_Saved entries_
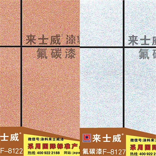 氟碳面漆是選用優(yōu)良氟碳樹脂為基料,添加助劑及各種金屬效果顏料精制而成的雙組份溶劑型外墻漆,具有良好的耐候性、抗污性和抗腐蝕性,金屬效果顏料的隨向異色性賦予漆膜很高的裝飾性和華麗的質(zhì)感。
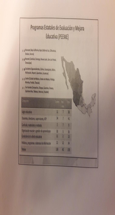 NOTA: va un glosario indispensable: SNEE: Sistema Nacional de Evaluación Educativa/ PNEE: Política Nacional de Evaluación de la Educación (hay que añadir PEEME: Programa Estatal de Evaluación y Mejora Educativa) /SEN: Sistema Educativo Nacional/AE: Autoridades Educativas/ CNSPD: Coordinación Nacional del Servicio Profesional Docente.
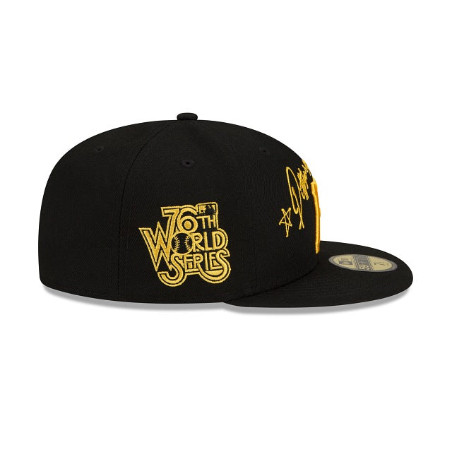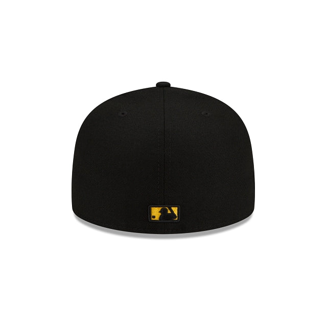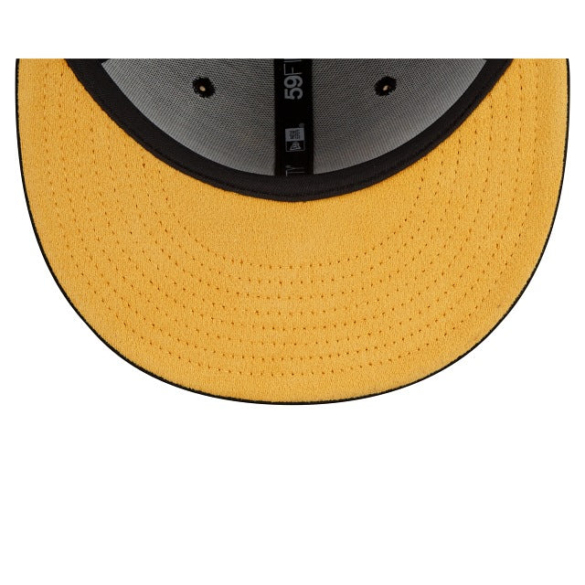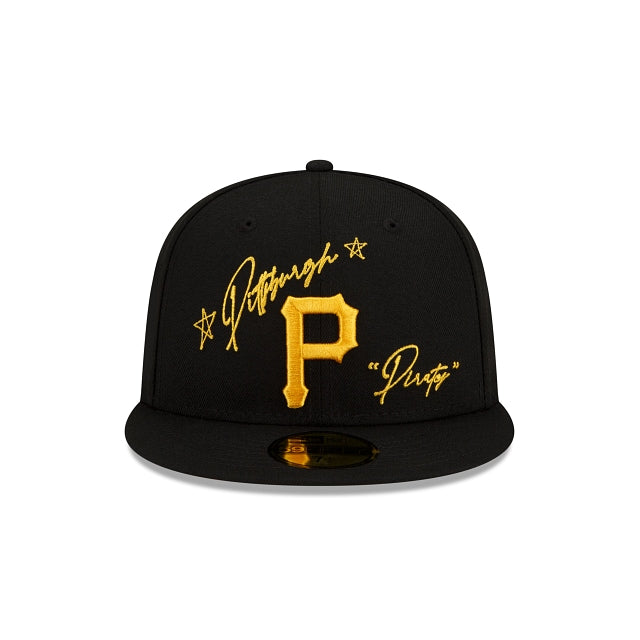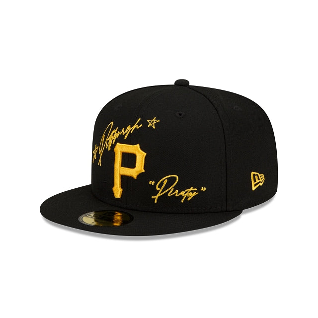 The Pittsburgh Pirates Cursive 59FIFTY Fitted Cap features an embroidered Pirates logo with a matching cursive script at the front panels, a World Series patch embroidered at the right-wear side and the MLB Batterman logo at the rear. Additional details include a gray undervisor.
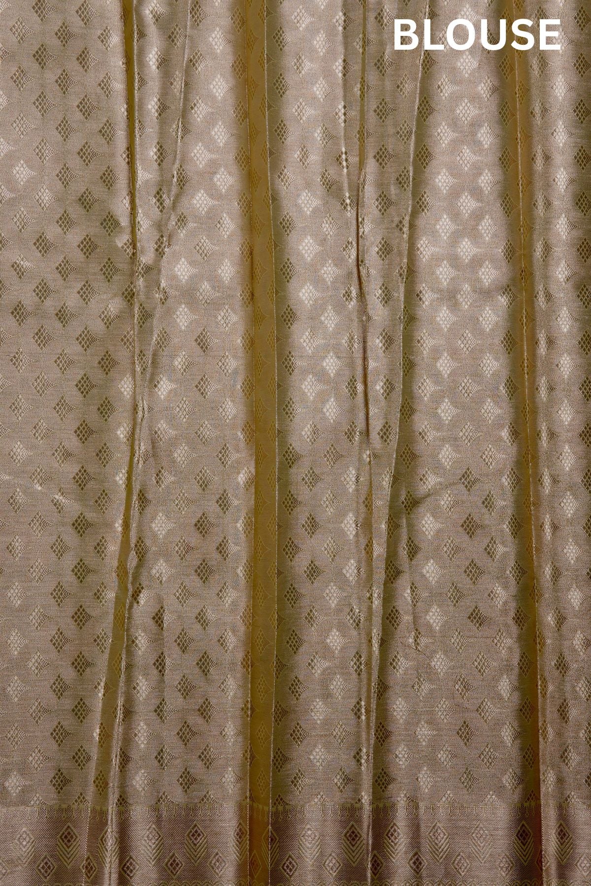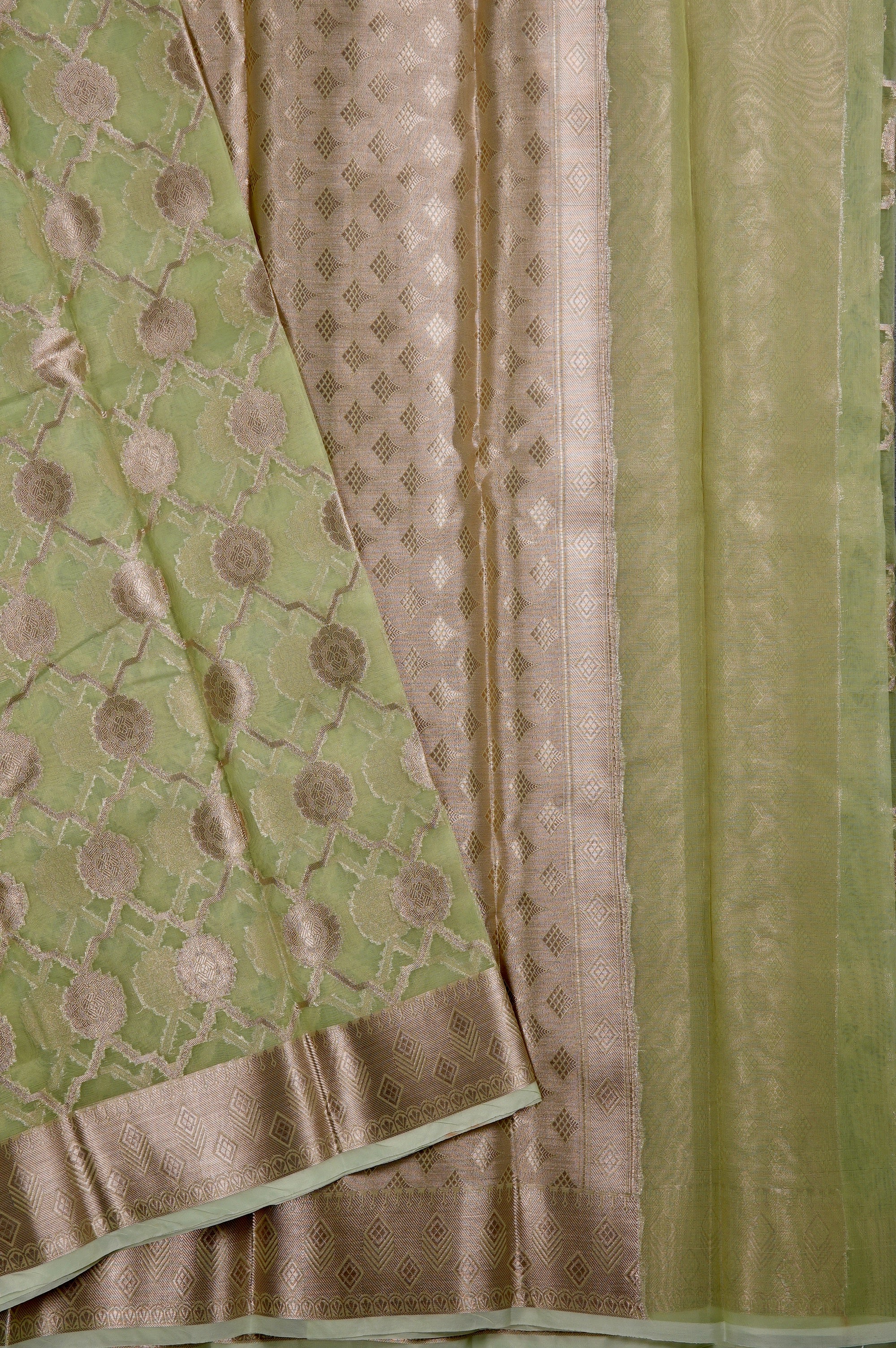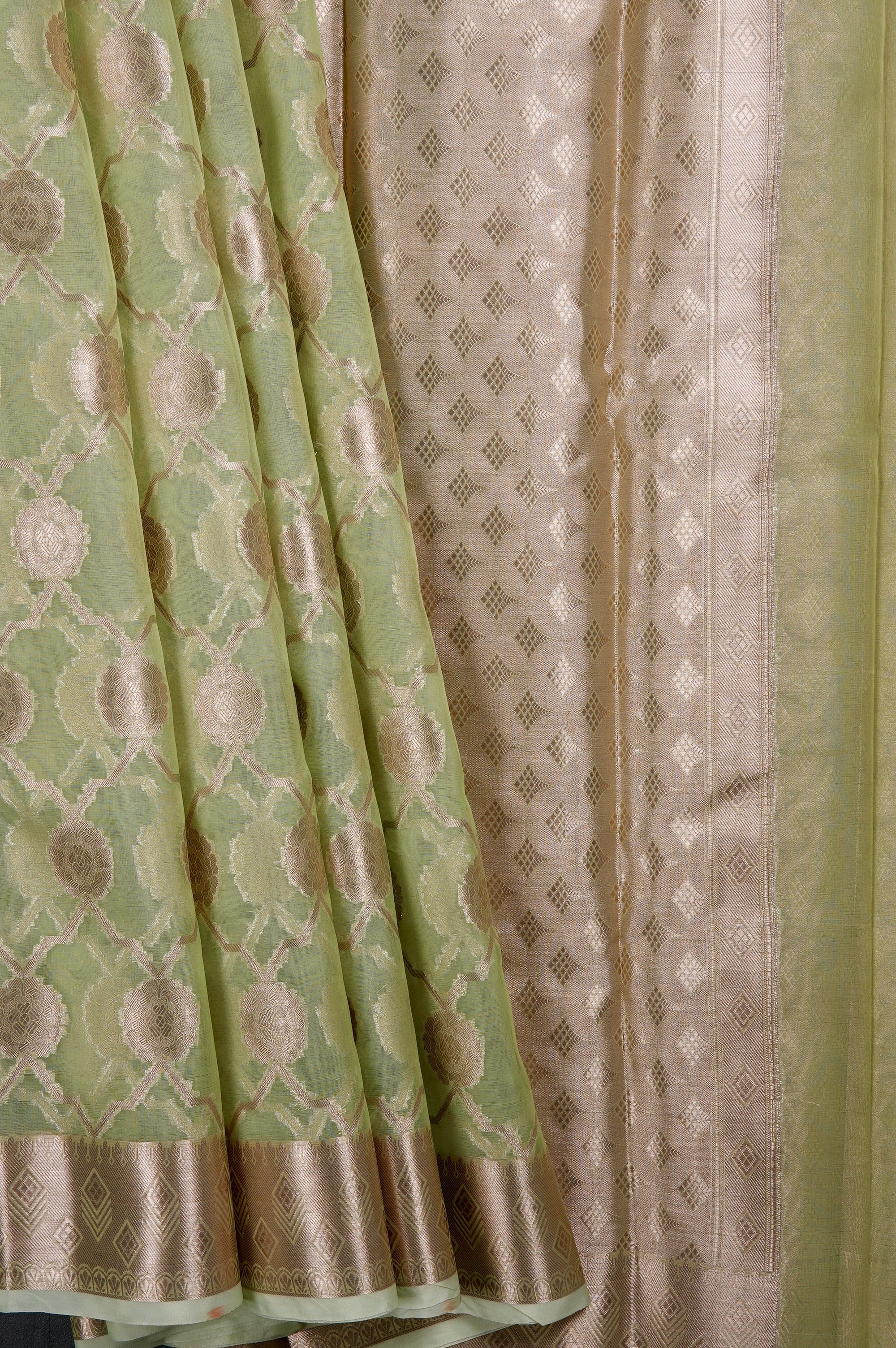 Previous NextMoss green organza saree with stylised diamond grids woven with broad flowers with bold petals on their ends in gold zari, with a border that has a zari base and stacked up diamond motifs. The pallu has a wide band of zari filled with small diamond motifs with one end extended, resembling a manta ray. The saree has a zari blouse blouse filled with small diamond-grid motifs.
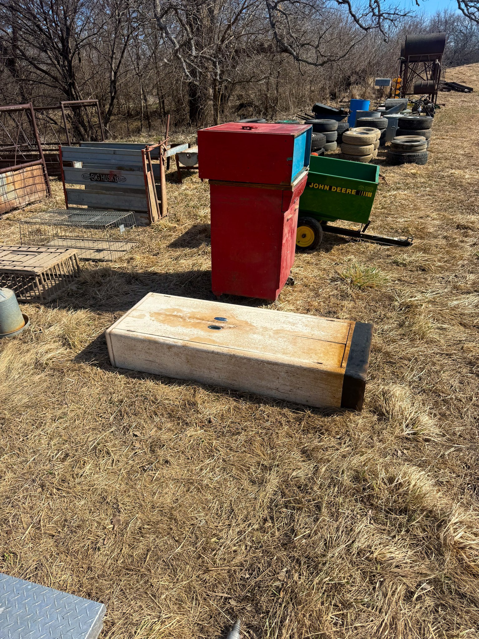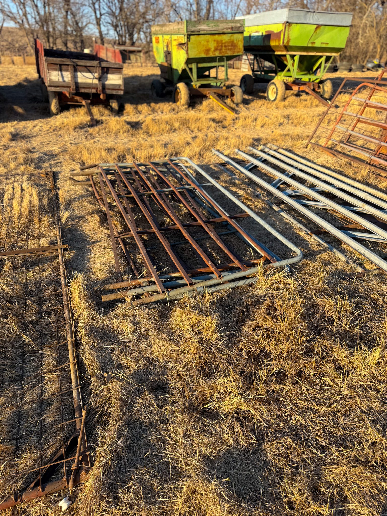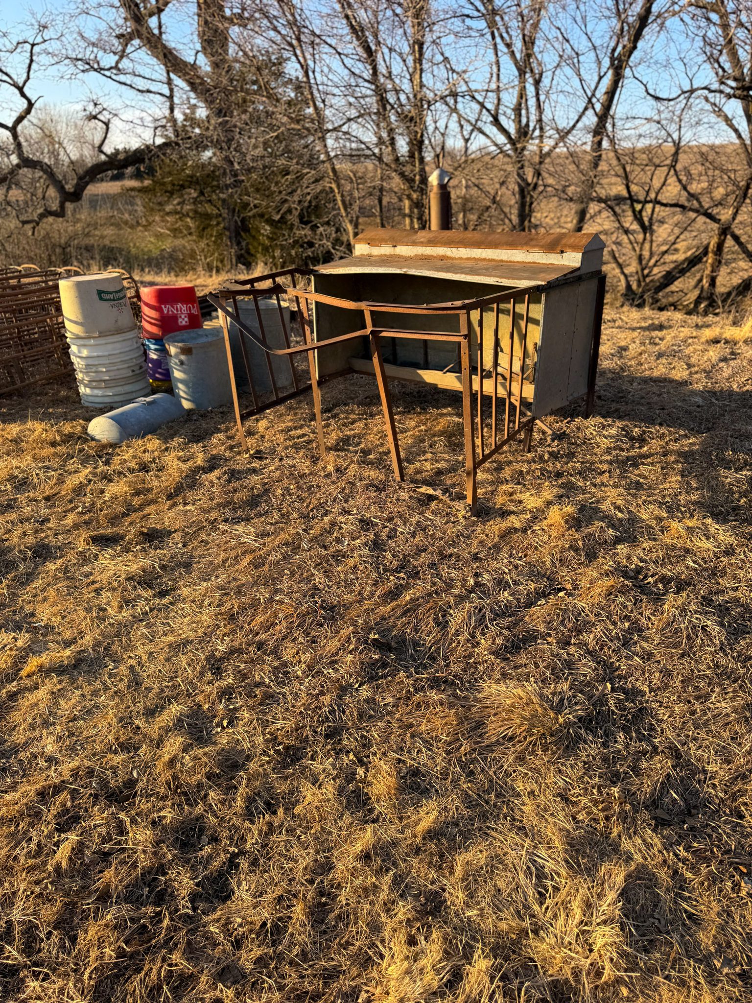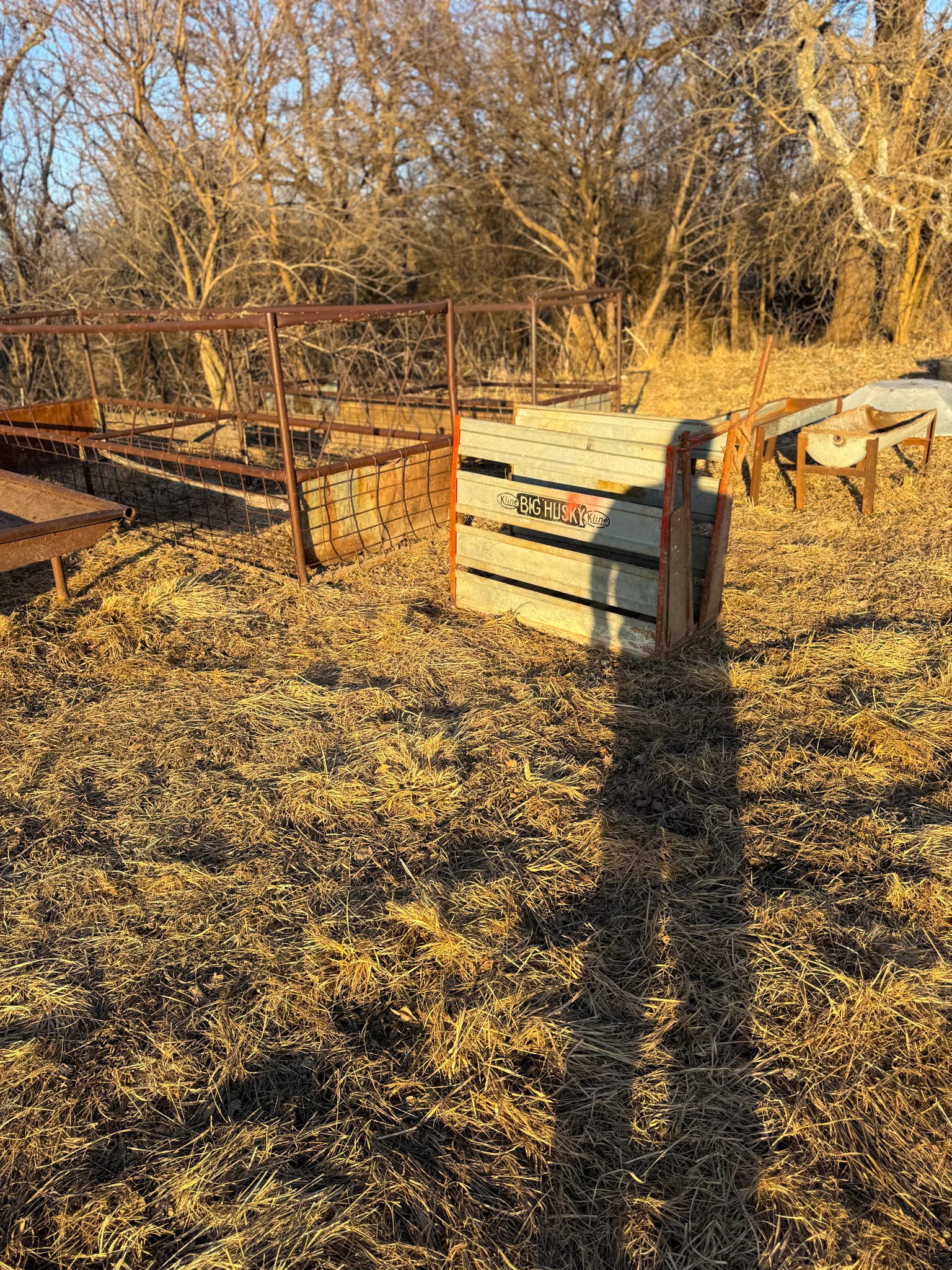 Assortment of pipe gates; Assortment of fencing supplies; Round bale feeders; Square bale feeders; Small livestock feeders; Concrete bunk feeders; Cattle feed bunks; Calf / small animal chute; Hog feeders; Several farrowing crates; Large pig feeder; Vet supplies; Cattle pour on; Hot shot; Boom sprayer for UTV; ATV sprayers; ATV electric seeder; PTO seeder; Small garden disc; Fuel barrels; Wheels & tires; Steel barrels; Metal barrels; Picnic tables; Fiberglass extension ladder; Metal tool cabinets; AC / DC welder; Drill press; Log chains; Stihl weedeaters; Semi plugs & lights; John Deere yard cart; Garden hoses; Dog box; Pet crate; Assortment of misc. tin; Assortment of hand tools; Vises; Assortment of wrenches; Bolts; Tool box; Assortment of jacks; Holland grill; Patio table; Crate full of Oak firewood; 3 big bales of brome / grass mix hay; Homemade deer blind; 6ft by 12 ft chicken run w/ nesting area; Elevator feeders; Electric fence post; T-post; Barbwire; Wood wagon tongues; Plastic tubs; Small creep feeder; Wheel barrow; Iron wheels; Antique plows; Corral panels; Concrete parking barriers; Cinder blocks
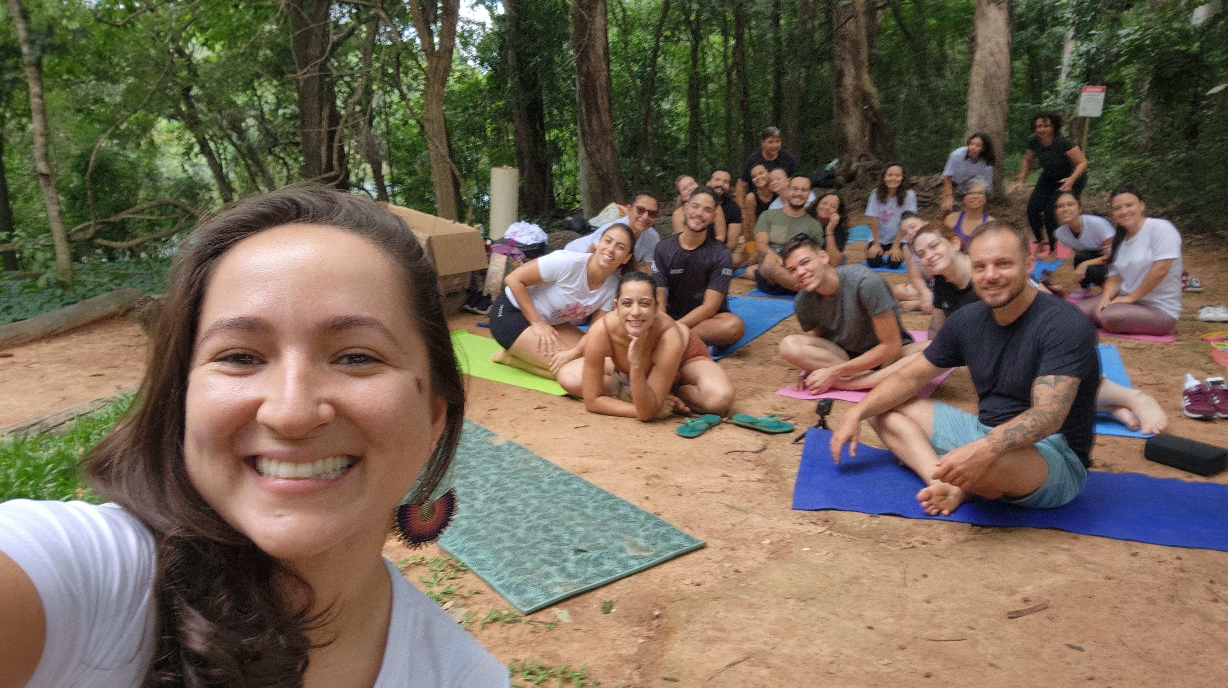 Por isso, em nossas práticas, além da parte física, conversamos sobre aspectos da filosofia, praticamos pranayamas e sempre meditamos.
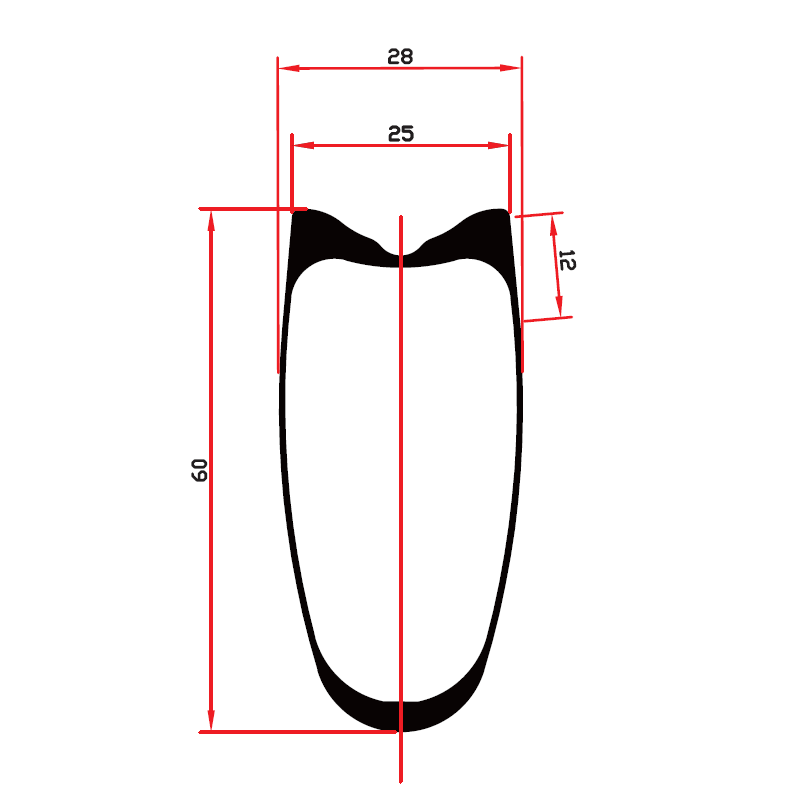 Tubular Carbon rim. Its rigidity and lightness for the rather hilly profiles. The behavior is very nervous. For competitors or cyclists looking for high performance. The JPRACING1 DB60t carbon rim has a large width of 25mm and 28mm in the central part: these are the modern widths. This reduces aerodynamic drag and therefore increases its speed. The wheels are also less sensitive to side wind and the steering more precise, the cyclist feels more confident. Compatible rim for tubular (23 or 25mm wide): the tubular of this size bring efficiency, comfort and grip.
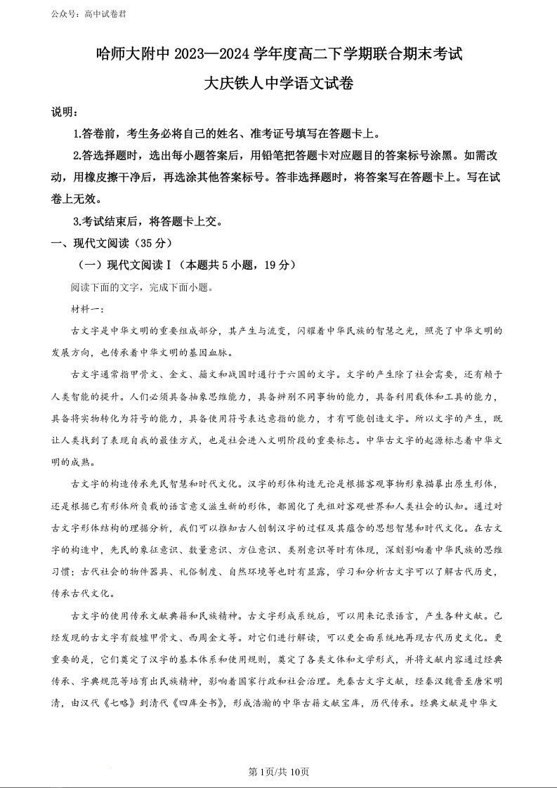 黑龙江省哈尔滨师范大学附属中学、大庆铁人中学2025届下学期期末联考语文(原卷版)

_EXERCISE PROMPT_
Since pictures are not part of the copy, set down only the remaining data exactly.

_RESPONSE BOX_
 氟碳面漆是選用優(yōu)良氟碳樹脂為基料,添加助劑及各種金屬效果顏料精制而成的雙組份溶劑型外墻漆,具有良好的耐候性、抗污性和抗腐蝕性,金屬效果顏料的隨向異色性賦予漆膜很高的裝飾性和華麗的質(zhì)感。
 NOTA: va un glosario indispensable: SNEE: Sistema Nacional de Evaluación Educativa/ PNEE: Política Nacional de Evaluación de la Educación (hay que añadir PEEME: Programa Estatal de Evaluación y Mejora Educativa) /SEN: Sistema Educativo Nacional/AE: Autoridades Educativas/ CNSPD: Coordinación Nacional del Servicio Profesional Docente.
 The Pittsburgh Pirates Cursive 59FIFTY Fitted Cap features an embroidered Pirates logo with a matching cursive script at the front panels, a World Series patch embroidered at the right-wear side and the MLB Batterman logo at the rear. Additional details include a gray undervisor.
 Previous NextMoss green organza saree with stylised diamond grids woven with broad flowers with bold petals on their ends in gold zari, with a border that has a zari base and stacked up diamond motifs. The pallu has a wide band of zari filled with small diamond motifs with one end extended, resembling a manta ray. The saree has a zari blouse blouse filled with small diamond-grid motifs.
 Assortment of pipe gates; Assortment of fencing supplies; Round bale feeders; Square bale feeders; Small livestock feeders; Concrete bunk feeders; Cattle feed bunks; Calf / small animal chute; Hog feeders; Several farrowing crates; Large pig feeder; Vet supplies; Cattle pour on; Hot shot; Boom sprayer for UTV; ATV sprayers; ATV electric seeder; PTO seeder; Small garden disc; Fuel barrels; Wheels & tires; Steel barrels; Metal barrels; Picnic tables; Fiberglass extension ladder; Metal tool cabinets; AC / DC welder; Drill press; Log chains; Stihl weedeaters; Semi plugs & lights; John Deere yard cart; Garden hoses; Dog box; Pet crate; Assortment of misc. tin; Assortment of hand tools; Vises; Assortment of wrenches; Bolts; Tool box; Assortment of jacks; Holland grill; Patio table; Crate full of Oak firewood; 3 big bales of brome / grass mix hay; Homemade deer blind; 6ft by 12 ft chicken run w/ nesting area; Elevator feeders; Electric fence post; T-post; Barbwire; Wood wagon tongues; Plastic tubs; Small creep feeder; Wheel barrow; Iron wheels; Antique plows; Corral panels; Concrete parking barriers; Cinder blocks
 Por isso, em nossas práticas, além da parte física, conversamos sobre aspectos da filosofia, praticamos pranayamas e sempre meditamos.
 Tubular Carbon rim. Its rigidity and lightness for the rather hilly profiles. The behavior is very nervous. For competitors or cyclists looking for high performance. The JPRACING1 DB60t carbon rim has a large width of 25mm and 28mm in the central part: these are the modern widths. This reduces aerodynamic drag and therefore increases its speed. The wheels are also less sensitive to side wind and the steering more precise, the cyclist feels more confident. Compatible rim for tubular (23 or 25mm wide): the tubular of this size bring efficiency, comfort and grip.
 黑龙江省哈尔滨师范大学附属中学、大庆铁人中学2025届下学期期末联考语文(原卷版)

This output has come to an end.